Es importante destacar, la tremenda admiración que sintió De Quincey, tanto por la persona como por la filosofía de Kant (De Quincey 1994). Si bien, los textos ya aludidos de De Quincey, se aproximan a la obra de Kant desde una perspectiva literaria y ensayística, no impide esto último que los elementos contenidos en la filosofía de Kant –en especial la distinción entre fenómeno y noumeno–, se presten para explicar ad hoc las vivencias de De Quincey con opio. De aquí, a mí juicio, la admiración del literato inglés por el filósofo de Königsberg. El en sí metafísico schopenhaueriano vendría a ser en el padecer de De Quincey, los ensueños con opio, es decir, aquella verdad, aquel dolor, aquel querer, aquella ansiedad cósmica de oscura determinación que urde trampas y pone al hombre constantemente en peligros sin que pueda preverlos ni reconocerlos. Esto último porque el entendimiento es para él limitado y falaz. El hecho que sea limitado le impide avizorar las verdades y los peligros que se revelan en el mundo de los sueños desde donde se siente sobrepasado por las formas trascendentales de la razón4.

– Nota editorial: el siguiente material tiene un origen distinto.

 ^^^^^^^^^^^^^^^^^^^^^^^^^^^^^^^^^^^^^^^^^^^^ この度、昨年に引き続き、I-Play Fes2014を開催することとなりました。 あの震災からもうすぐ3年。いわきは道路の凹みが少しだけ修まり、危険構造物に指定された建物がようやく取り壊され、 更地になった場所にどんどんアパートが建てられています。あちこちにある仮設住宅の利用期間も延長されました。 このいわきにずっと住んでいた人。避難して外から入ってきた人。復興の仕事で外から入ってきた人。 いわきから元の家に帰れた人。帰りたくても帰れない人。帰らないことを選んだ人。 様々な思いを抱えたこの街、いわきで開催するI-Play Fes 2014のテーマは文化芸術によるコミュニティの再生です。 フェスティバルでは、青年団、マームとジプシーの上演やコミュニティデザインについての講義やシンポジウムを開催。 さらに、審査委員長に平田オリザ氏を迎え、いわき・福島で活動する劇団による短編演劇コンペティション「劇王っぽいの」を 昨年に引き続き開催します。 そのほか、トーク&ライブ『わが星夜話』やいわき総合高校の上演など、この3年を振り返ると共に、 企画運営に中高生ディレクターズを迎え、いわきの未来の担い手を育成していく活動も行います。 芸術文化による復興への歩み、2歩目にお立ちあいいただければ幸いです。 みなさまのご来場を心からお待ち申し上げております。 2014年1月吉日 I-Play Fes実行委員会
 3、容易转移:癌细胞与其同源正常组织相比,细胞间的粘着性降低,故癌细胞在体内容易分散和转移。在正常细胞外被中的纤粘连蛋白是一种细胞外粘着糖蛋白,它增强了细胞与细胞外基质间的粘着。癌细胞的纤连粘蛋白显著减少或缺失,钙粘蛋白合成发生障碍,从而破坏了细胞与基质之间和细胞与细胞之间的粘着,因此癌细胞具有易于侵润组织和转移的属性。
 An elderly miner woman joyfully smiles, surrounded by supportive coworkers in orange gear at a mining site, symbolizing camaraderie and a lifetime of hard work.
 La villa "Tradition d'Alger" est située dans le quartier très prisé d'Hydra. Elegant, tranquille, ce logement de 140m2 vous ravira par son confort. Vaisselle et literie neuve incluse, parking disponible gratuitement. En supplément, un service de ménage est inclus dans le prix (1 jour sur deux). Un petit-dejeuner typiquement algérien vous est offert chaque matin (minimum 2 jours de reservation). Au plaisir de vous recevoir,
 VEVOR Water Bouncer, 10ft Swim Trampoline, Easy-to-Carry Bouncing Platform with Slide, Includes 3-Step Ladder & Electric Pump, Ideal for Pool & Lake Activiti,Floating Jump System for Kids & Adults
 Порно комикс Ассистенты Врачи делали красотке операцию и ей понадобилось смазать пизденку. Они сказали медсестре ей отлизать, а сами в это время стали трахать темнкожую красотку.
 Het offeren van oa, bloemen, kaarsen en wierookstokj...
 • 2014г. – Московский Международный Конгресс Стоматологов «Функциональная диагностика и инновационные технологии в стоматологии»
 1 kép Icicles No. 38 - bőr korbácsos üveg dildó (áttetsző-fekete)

El comedor de opio confiesa, por ejemplo, que tras su uso prolongado, el opio vuelve el tiempo elástico, es decir, se extiende hasta límites tan inconmensurables y evanescentes que al despertar le parecía absurdo dar cuenta de ello, con expresiones a la medida de la existencia humana. En los tormentos del opio, intenta expresar como el aumento de las dimensiones temporales y espaciales, multiplicaban e intensificaban, brutalmente sus dolores morales. Así nos confiesa en este sueño:

Las aguas cambiaron ahora de carácter: de lagos traslúcidos, brillantes como espejos, pasaron a convertirse en mares y océanos... Hasta aquel momento, los rostros humanos se habían mezclado a menudo con mis sueños, mas no de una manera despótica, ni con potestad especial alguna para atormentarme. Pero ahora, lo que he dado en llamar la tiranía del rostro humano comenzó a manifestarse. Entonces fue cuando sobre las aguas agitadas del océano comenzaron a aparecer rostros humanos: el mar parecía pavimentado de innumerables rostros, alzados hacia los cielos. Rostros que imploraban, llenos de ira, desesperados, que surgían a millares, por miríadas, por generaciones, por siglos: mi agitación era infinita, mi mente se venía abajo, y se alzaba de nuevo con el océano (De Quincey 2001 195).

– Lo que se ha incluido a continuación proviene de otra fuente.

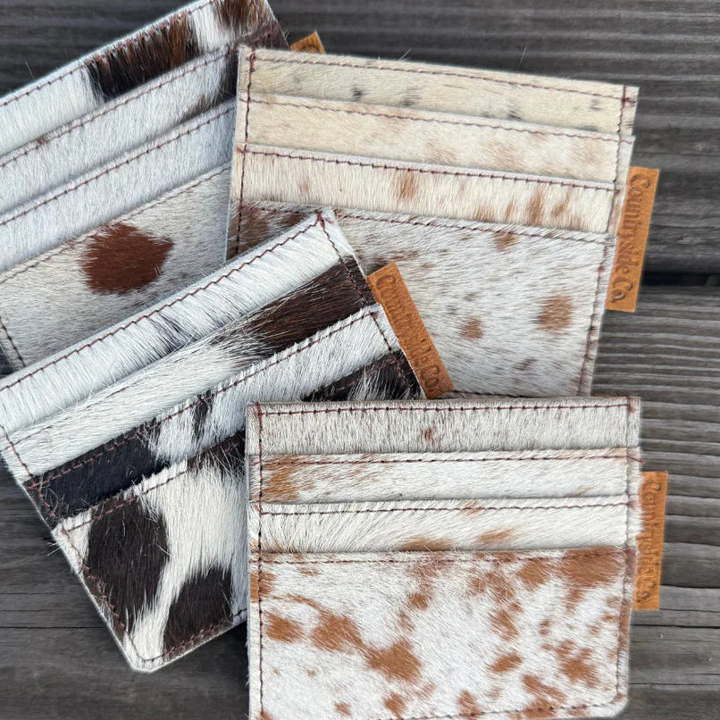 Get ready to mooooove through your day with our Cowhide Credit Card Holder! With a slim design that holds alot, it features credit card slots on both the front and back, plus a center pocket. The cowhide front and back provides durability. Get yours today!
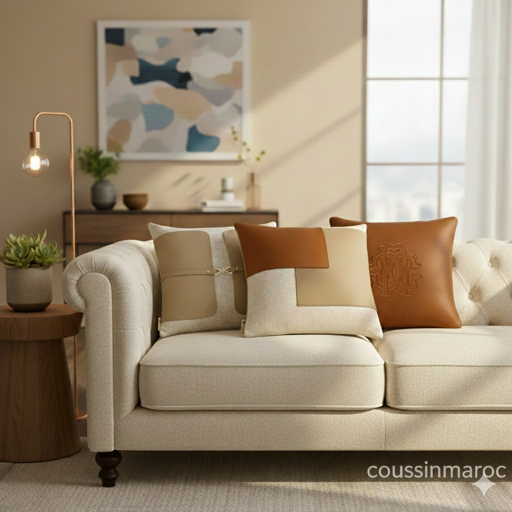 Trio de Coussins Maroc – Design Moderne en Similicuir & Tissu | Décoration Maison Élégante
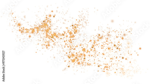Golden glowing light effect with many glitter particles. Starry cloud with dust. Magic christmas decoration. Luminous bokeh softly shimmering golden light. Light abstract glowing lights. PNG.
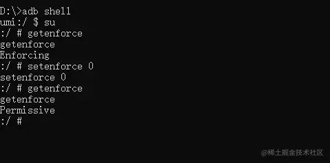 - disabled:关闭,SELinux 没有运行 这里再多说一点,Android的硬件检测的两种方案之一就是通过SELinux来获取,另外一个就是证书链认证,请参考以前写的文章。 然后继续执行上述命令。

Dicha conciencia del dolor que, experimenta soñando y que irónicamente, es asociada, como la propia de un filósofo trascendental, induce a mí parecer, a un doble silencio. El primero es causado por el contraste que se da entre el horrendo espectáculo del dolor y la condición humana, que minimiza cualquier dolor personal, hasta transformar éstos en ínfimas nimiedades personales. Cuando se sensibiliza al dolor del resto, cuando no se puede salir de la compasión, el contraste que se provoca entre la conciencia de la humanidad sufriente revivida intensamente en casos concretos y mezclándose estos casos entre siglos de generaciones sufrientes, entonces la temporalidad ínfima, en la cual se padecen los problemas personales, hacen que cualquier lamento propio termine provocando cierta sensación de egoísmo y vergüenza. Bastaría contemplar realmente la desolación y el dolor humano, para rehuir las quejas y lamentos personales. La compasión no es para De Quincey, un móvil moral sino la asimilación de un espectáculo desolador (50).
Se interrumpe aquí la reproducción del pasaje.